Press Release

Changing Forms: Metamorphosis in Myth, Art, and Nature opens at the Frances Lehman Loeb Art Center at Vassar College

 

September 16, 2021 - POUGHKEEPSIE, NY – Vassar College’s Frances Lehman Loeb Art Center will present the exhibition Changing Forms: Metamorphosis in Myth, Art, and Nature, 1650–1700, on view September 28 through December 19, 2021 in the Loeb’s Focus Gallery. 

The exhibition, curated by Dr. Elizabeth Nogrady, Andrew W. Mellon Curator of Academic Programs at the Loeb, and Dr.
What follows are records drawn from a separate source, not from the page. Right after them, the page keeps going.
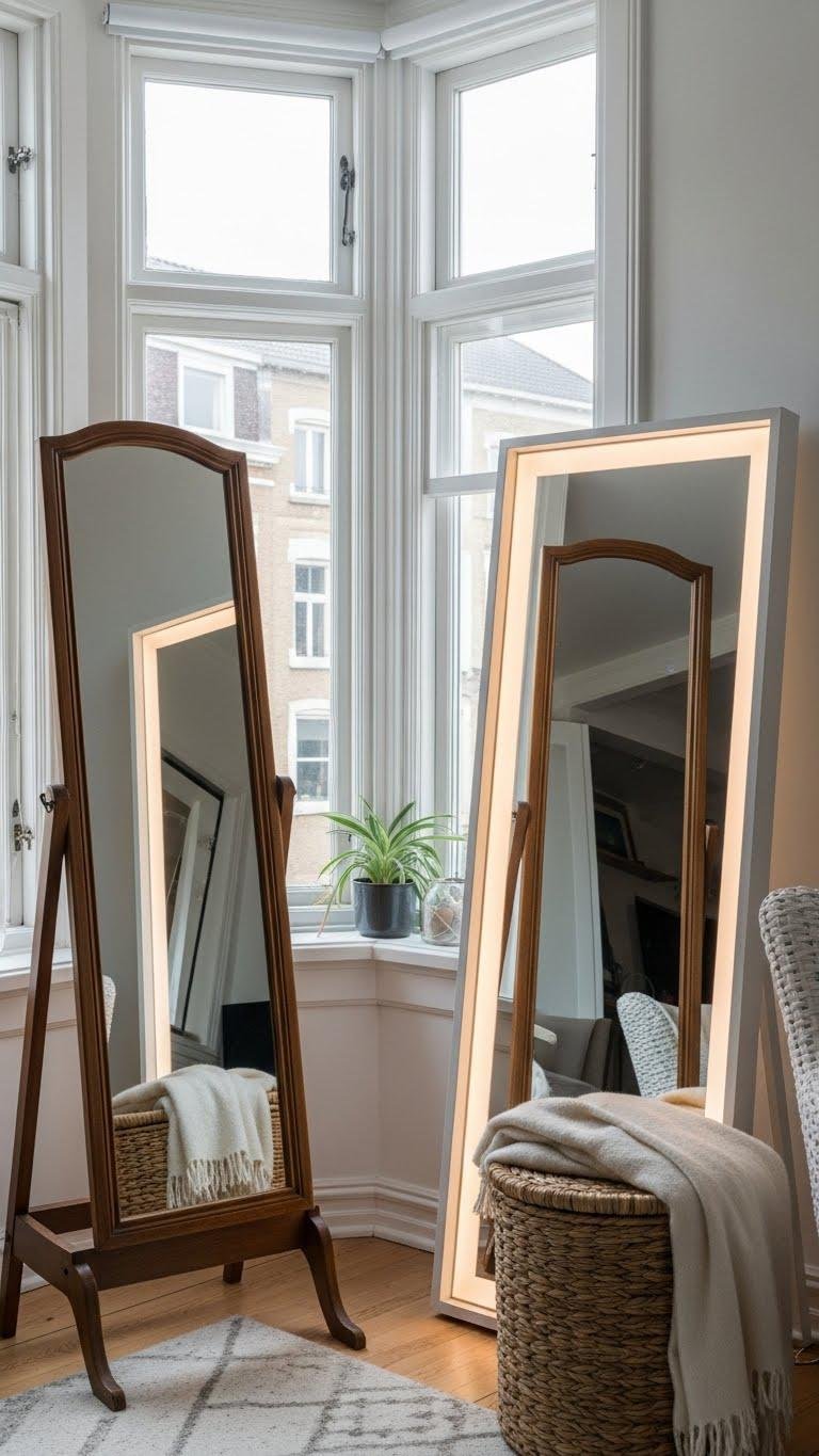 Often you can double the perceived brightness of a small apartment by placing mirrors opposite windows and light sources. You’ll choose pieces that expand sightlines: an antique cheval leans into a corner for vertical drama, while a backlit frameless panel adds soft, even glow.
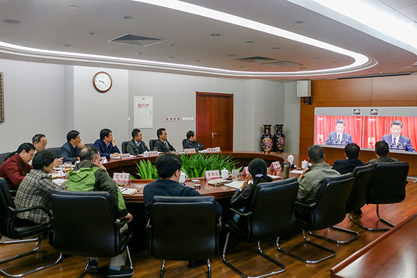 在收看过程中,与会人员边学习、边思考,认真领会报告的思想内涵和理论精髓。
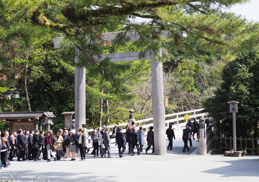 宇治橋に一歩足を踏み入れた途端、橋板の分厚さや作りの巧みさを靴底に感じ「ただものではない」重厚さに心打たれその時点から厳かな気分になりました。庭園の松の見事さ、常にスタッフが清掃・管理に動いています。野鳥も観察できました。
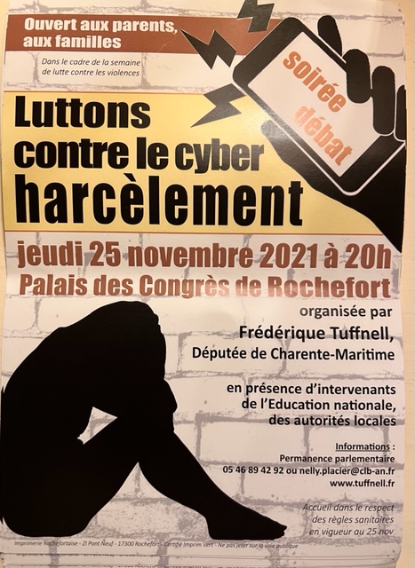 La proposition de loi contre le harcèlement scolaire bientôt examinée à l’Assemblée nationale. 1 enfant sur 10 est victime de ce phénomène en France. Le texte porté par le député Erwan Balanant sera étudié le 1er décembre. Il prévoit notamment la création d’un délit pénal. Les sanctions pourront aller jusqu’à 10 ans de prison et 150 000 euros d’amende. En outre, la proposition entend inscrire un droit à la protection contre le harcèlement scolaire et le cyberharcèlement. Le cyberharcèlement, un sujet qui sera abordé jeudi prochain à Rochefort, à l’occasion d’une soirée-débat organisée par la députée de Charente-Maritime Frédérique Tuffnell. Il aura lieu en présence de la rectrice de l’Académie de Poitiers Bénédicte Robert et du commissaire de police Olivier Saudreau, et en visio avec le secrétaire d’Etat au numérique Cédric O et le député Erwan Balanant à l’origine de la proposition de loi. C’est à 20h au palais des congrès.
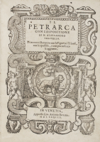 Petrarca, Francesco. Il Petrarca con l'espositione di M. Alessandro Vellutello. Venezia, Giovanni Antonio Bertano, 1584.
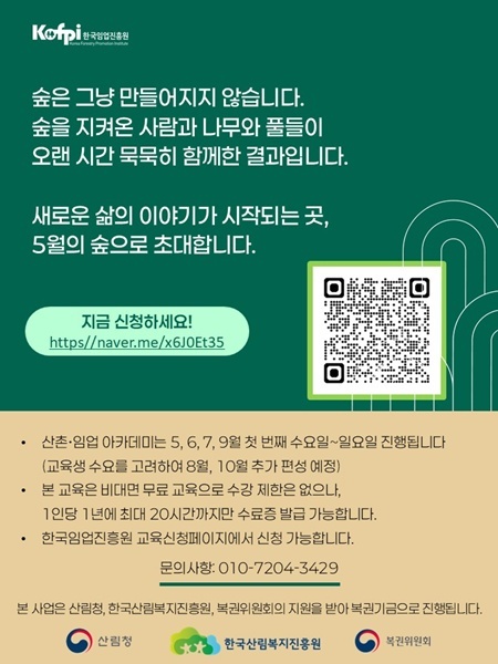 교육 신청은 한국임업진흥원 교육신청 페이지 또는 네이버폼(QR코드)을 통해 가능하다.
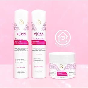 Desenvolvida para o tratamento pos-quimica, com a função de prolongar o efeito de cabelos quimicamente alisados, a linha Resgate Pós Progressiva Vloss promove uma limpeza suave e delicada, deixando os cabelos limpos, saudáveis e disciplinados. Sua formula possui Oleo de Argan e tecnologia Liss Pro Technology Blend de aminoácidos de queratina que juntos promovem a reconstrução interna da fibra capilar, devolvendo peso molecular, diminuindo frizz e prolongando o efeito liso perfeito por mais tempo. Ativos: Óleo de Argan, Nano Keratin
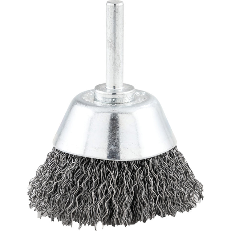 Cup Brushes with shaft are small diameter brushes and good to be used for drill machines. Application: Cleaning prior to welding, rust and paint removal, weld spatter, and corrosion removal surface ships, metal surface, light and medium duty cleaning. Crimped Wire Cup brushes are good to be used to clean large surface plates for rust removal or concrete surface conditioning work. Normally it's mounted on anger grinder. In working site, it's also possible to be mounted on stationary machines.
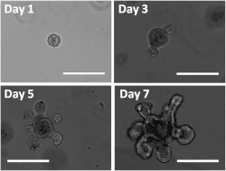 Other significant early advancements included in 2013, Madeline Lancaster at the Institute of Molecular Biotechnology of the Austrian Academy of Sciences established a protocol starting from pluripotent stem cells to generate cerebral organoids that mimic the developing human brain's cellular organization.[22] Meritxell Huch and Craig Dorrell at Hubrecht Institute and University Medical Center Utrecht demonstrated that single Lgr5+ cells from damaged mouse liver can be clonally expanded as liver organoids in Rspo1-based culture medium over several months.[23] In 2014, Artem Shkumatov et al. at the University of Illinois at Urbana-Champaign demonstrated that cardiovascular organoids can be formed from ES cells through modulation of the substrate stiffness, to which they adhere. Physiological stiffness promoted three-dimensionality of EBs and cardiomyogenic differentiation.[24]
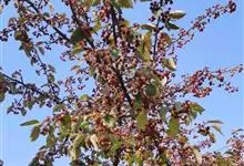 山荆子 Borkh.):为落叶乔木,树高可达4-5米,最高可达10米以上。灰褐色,光滑,不易开裂。新梢黄褐色,无毛。嫩梢绿色微带红褐。叶片椭圆形,先端渐尖,基部楔形,叶缘锯齿细锐。伞形总状花序。花白色,…全部>>
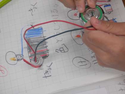 導線をおなじ極どうしにつないでも、豆電球はつきません。
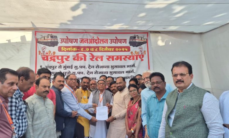 चंद्रपूर–मुंबई सुपरफास्ट ट्रेन तसेच चंद्रपूर–पुणे फास्ट ट्रेन रोज भुसावळ मार्गे सुरू करण्याच्या प्रमुख मागण्यांसह रेल्वे संबंधित इतर मागण्यांना घेऊन रेल्वे प्रवासी सेवा संस्थेच्या वतीने जिल्हाधिकारी कार्यालयासमोर ६ डिसेंबरपासून आंदोलन सुरू करण्यात आले आहे.

Lara Yeager-Crasselt, Curator of The Leiden Collection, brings together approximately twenty paintings, drawings, prints, specimens, and illustrated books to explore the rich and varied concept of “metamorphosis” in the late seventeenth-century Netherlands. With links to art, myth, science, and the exchange of knowledge, metamorphosis provides a vital lens through which to explore and understand an evolving early modern world.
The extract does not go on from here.